Qwen3 ASR Transcriber
The Qwen3 ASR Transcriber is the primary inference node for the Qwen3-ASR model family. It converts speech from audio input into text and can optionally generate precise word-level timestamps when paired with a forced aligner.
Parameters
- audio: The input audio stream (usually from a Load Audio node).
- model_name: The directory name of the Qwen3-ASR model (0.6B or 1.7B) located in
models/diffusion_models/Qwen3-ASR/. - language: The target language for transcription. Use
autoto allow the model to automatically identify the spoken language. - device: The hardware device to run the model on (
cudaorcpu). - precision: The floating-point precision.
bf16is recommended for modern NVIDIA GPUs to save VRAM without losing accuracy. - max_new_tokens: The maximum number of tokens to generate in the output text. Increase this for longer audio files.
- flash_attention_2: Enable Flash Attention 2 for faster inference and lower VRAM usage. Requires a compatible NVIDIA GPU and the
flash-attnpackage installed. - chunk_size: Process audio in chunks of this many seconds (default: 30). Set to 0 to disable. This is critical for transcribing long audio files to prevent the model from exceeding its context window.
- overlap: The number of seconds of overlap between chunks (default: 2). This helps maintain context and prevents words from being cut off at chunk boundaries.

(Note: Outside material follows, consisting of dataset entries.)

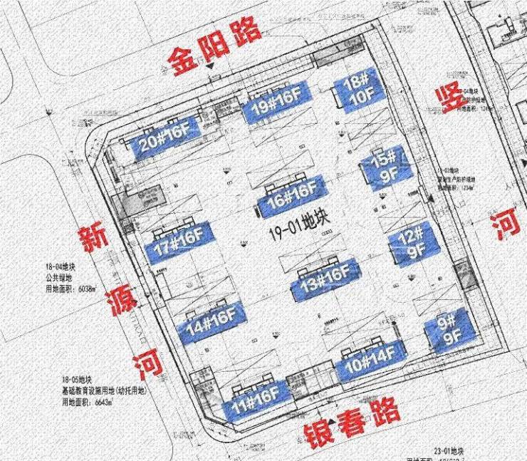 19-01地块:拟建7栋16F高层住宅、3栋9F高层住宅、1栋14F高层住宅、1栋10F高住宅以及若干配套用房。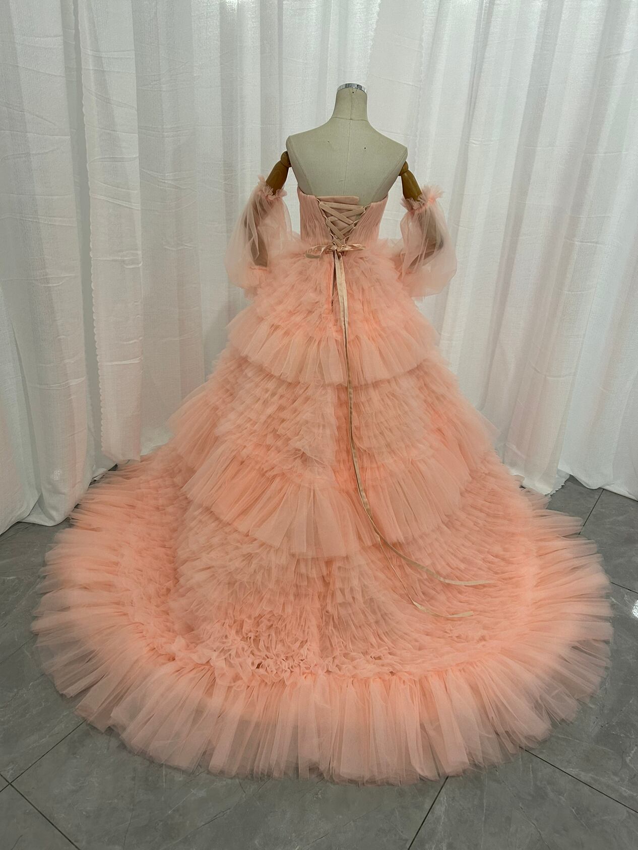 韓国風カラードレス パフスリーブ チュールドレス リボン ふわふわ ボリュームドレス +取り外し袖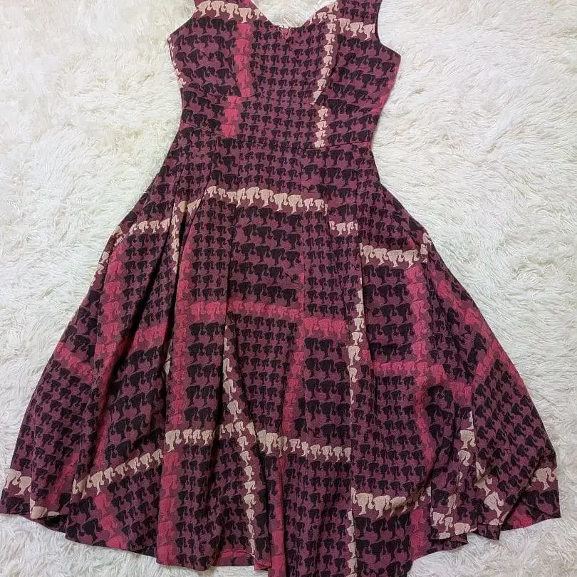 코끼리 패턴이 특징인 슬리브리스 무릎 기장 원피스.
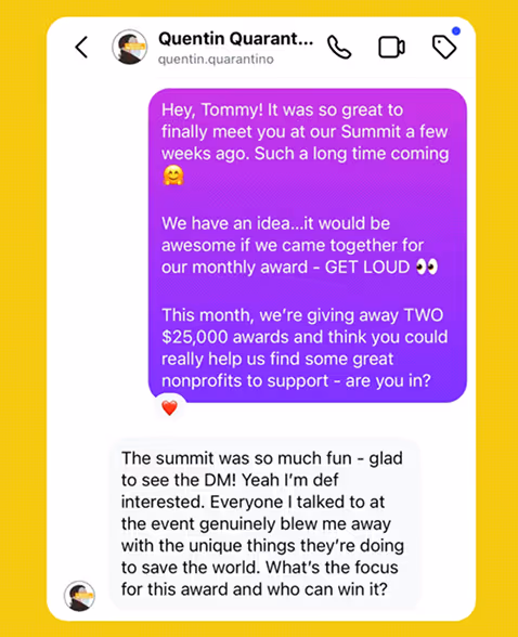 But it doesn’t end there. We have turned this thinking into an actual grant making strategy. Enter the Elevate Prize GET LOUD Award. This award meets people where they are: on Instagram. Each month, as audiences scroll through their feeds, we invite them to nominate a community-based organization they love to receive $25,000 in unrestricted funding.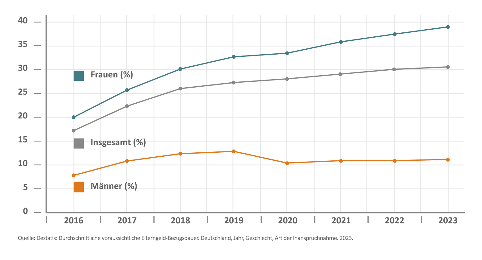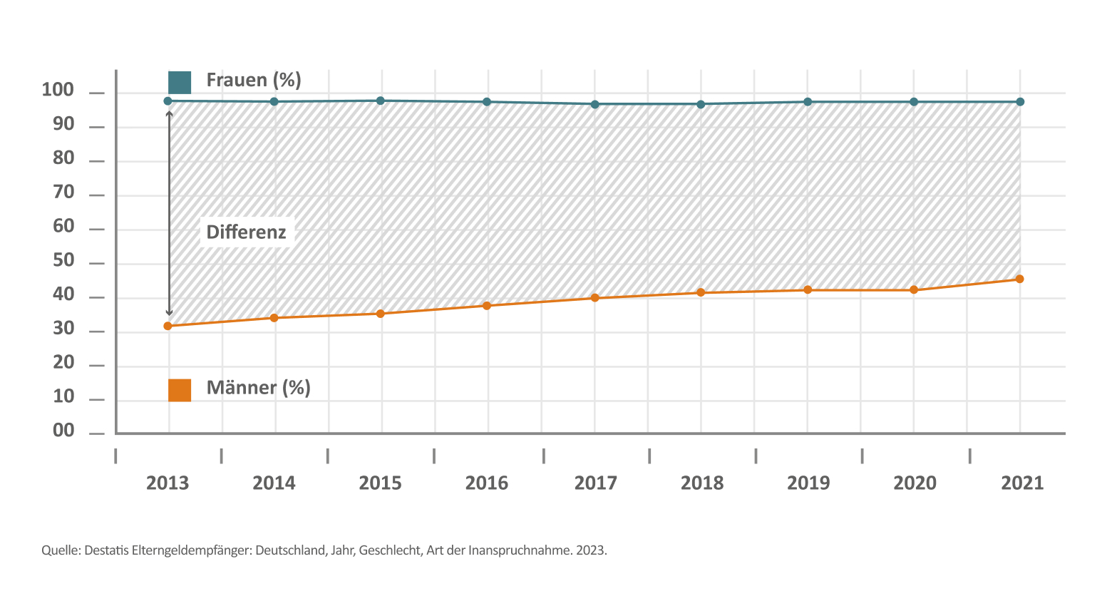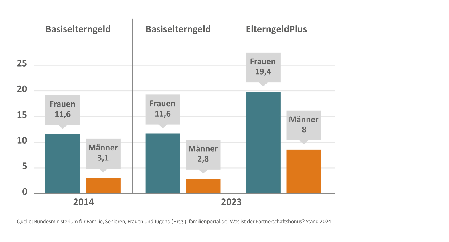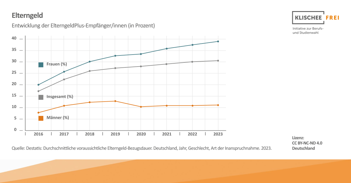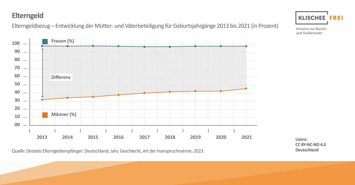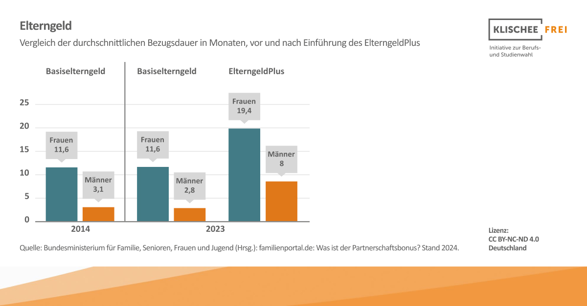 Dabei zeigen insbesondere die Varianten ElterngeldPlus und Partnerschaftsbonus den Weg zu mehr Partnerschaftlichkeit und Chancengleichheit auf: Studien zeigen, dass Väter in Elternzeit aktiver bei der Hausarbeit sind sowie mehr Zeit mit dem Kind verbringen – ein Effekt, der auch nach der Elternzeit bestehen bleibt.5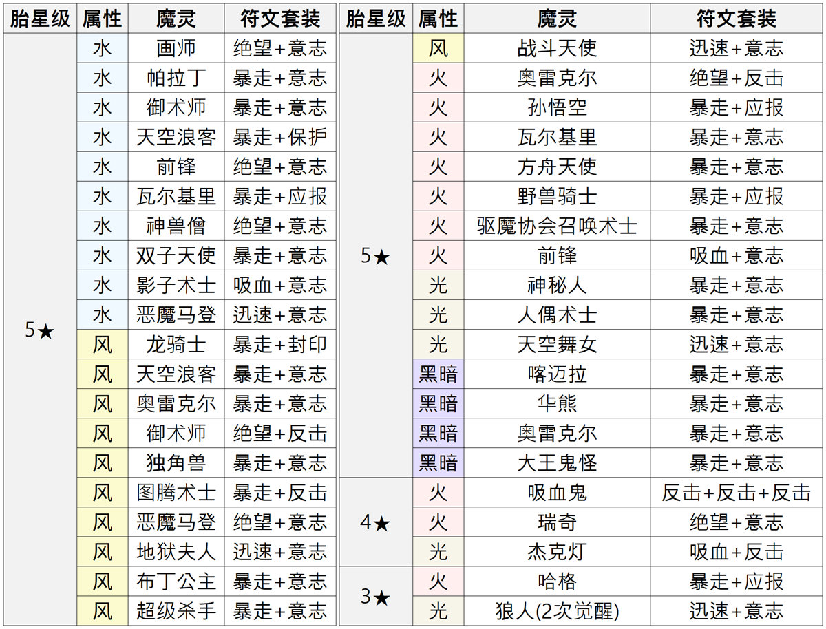 * 该列表可使用至10/31 22:59,并将于11/1 15:00更换为新的魔灵列表。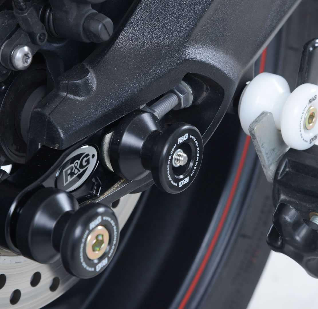 Dessa R&G-spindelreglage passar Triumph Daytona 675, Triumph Daytona Moto2™ 765 20-, Street Triple 07- och Street Triple R 08-. R&G-spindelreglage monteras direkt genom den bakre spindeln och ger både krockskydd till de bakre komponenterna, skyddar svingarmen och komponenter, som bromsar och drivlina, vid en krock eller ett fall, men fungerar även som spolar för paddockstället, vilket gör att motorcykeln kan lyftas upp på ett bakre paddockställ för rengöring och underhåll. Det bästa av två världar!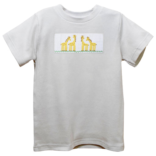 Animals Smocked White Knit Short Sleeve Boys Tee Shirt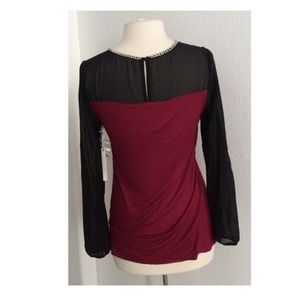 Materials- 100% rayon. The black part is sheer and the neckline is jeweled. Very stretchy top! Button closure on the backside. tAW1ft7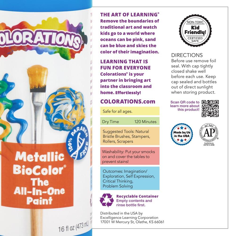 Colorations Biocolor Paint, 26 oz, 26 Colors, Non-Toxic Paint, Kids Paint, Craft Paint, Resist Art Painting, Paint for Marbling, Blotting Paint, Window Paint, Paint for Children, Foil Painting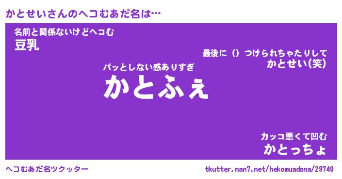 | 意味不明あだ名 | 『ペロリンかとせい』『永久保存かとせい』 |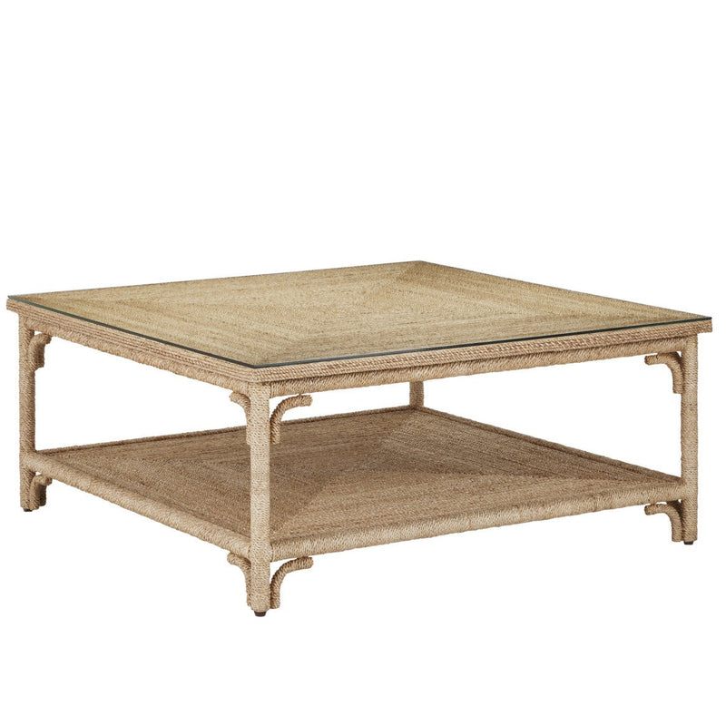 With the earthy feel of rattan and wicker, the Olisa Rope Cocktail Table is covered in braided abaca rope to bring a natural elegance to a room. The dexterity required to wrap a piece of furniture so skillfully makes this tan coffee table special. The glass top will protect the absorbent material from any smudges, drips, or splashes that inadvertently come with everyday life. The bottom shelf is perfect for stashing newspapers, books, or hobby-related materials.

- forced_aligner (Optional): An optional input from the Qwen3 Forced Aligner Config node. If connected, the node will calculate and output word-level timestamps.
Outputs
- text: The raw transcription of the audio.
- timestamps: A formatted string containing word-level timestamps (e.g.,
[0.00 - 0.50] Hello). If no aligner is provided, this will return a status message.
Usage Tips
- Resampling: This node automatically resamples audio to 16kHz internally using Torch, ensuring compatibility with the model even if your input audio is 44.1kHz or 48kHz.
- Long Audio: For recordings longer than 30 seconds, ensure
chunk_sizeis enabled. If you notice repetition or hallucinations at the end of long files, try adjusting thechunk_sizeoroverlap. - Caching: The model is cached in memory after the first run. Changing the
model_name,device, orprecisionwill trigger a reload.
Example
- Connect a Load Audio node to the audio input.
- Select
Qwen3-ASR-1.7Bin model_name. - (Optional) Connect a Qwen3 Forced Aligner Config to the forced_aligner input to see timing data in the second output.